# Title: Effective Resistance Calculations with Julia
## Author: Joe Malone

## Introduction:
Using effective resistance to calculate the connectivity of a graph is a [commonly studied topic](https://www.nas.ewi.tudelft.nl/people/Piet/papers/LAA_2011_EffectiveResistance.pdf) in graph theory. It's applications can be used in recommender systems or any research that desires to know how closely related two nodes of a graph are. One of the main focuses of research in effective resistance relies on calculating effective resistance quickly and efficiently. This amounts to solving a Laplacian system of equations quickly and efficiently. Daniel Spielman and Shang Hua-Teng have been able to break through what was the previously supposed limit for run time of effective resistance calculators. They developed a [nearly-linear time solver](https://arxiv.org/abs/cs/0310051) for linear systems based off of previous work in graph theory. Daniel Spielman has written a library that includes this solver among others in the Laplacians.jl library for Julia.

## Libraries Used:
* [IPython](https://ipython.org/)
* [Julia](https://julialang.org/)
* [Laplacians](https://github.com/danspielman/Laplacians.jl)

## Abstract:

This project will examine the efficacy of the Laplacians library in Julia to calculate effective resistance between nodes in large networks. It will explain the usage of the library and show how to run through the calculations on a simple example at first and will then generalize the methods to more complicated networks. The project will mine data from the citeulike dataset for larger networks and then compare the nearly-linear time system solver to the exact solver to see which is quicker and more accurate. The last part of the project will allow readers to try creating different graphs and using the solver to calculate effective resistance between nodes. The project is mostly focused on displaying some of the capabilities of Julia and the Laplacians library.

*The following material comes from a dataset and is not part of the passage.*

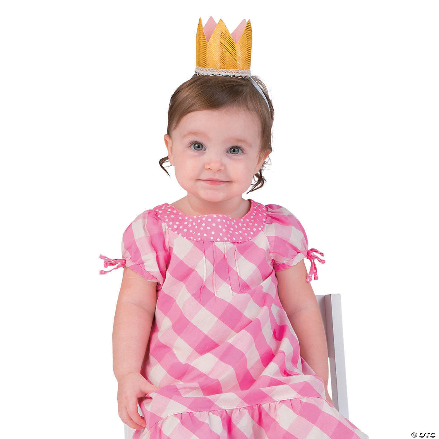 She’ll be princess for a day at her first birthday party in this glitter-covered crown! It’s a cute photo prop and a wonderful way to show her that the day is all about her. Dress her in her favorite pink outfit, add the crown and watch her shine. Felt. 8 1/2″ diam. x 3″ with an elastic band.

* [Github Repository](https://github.com/joe-malone/MATH-725-final.git) for This Project
* Note that to run the code, you will need to first run `Pkg.add("Laplacians")`

In [1]:
using Laplacians

## Run through simple example to make sure the solver is working as we expect
Note: This example is based off of a homework problem in MATH 725 at K-State  

The below code creates the adjacency matrix for a simple undirected graph, sparsifies the adjacency matrix, and creates a linear system solver with the function from Laplacians.jl based off of Cholesky factorization of the Laplacian.

In [2]:
# Test the solver with a known solution
# V = { 1, 2, 3, 4, 5 }
# E = {[1,2], [1,4], [2,3], [2,4], [3,4], [3,5], [4,5]}

num_nodes = 5

A = [0 1 0 1 0;
     1 0 1 1 0;
     0 1 0 1 1;
     1 1 1 0 1;
     0 0 1 1 0]

simpleSparseAdj = sparse(A)
solver = cholLap(simpleSparseAdj; verbose=true)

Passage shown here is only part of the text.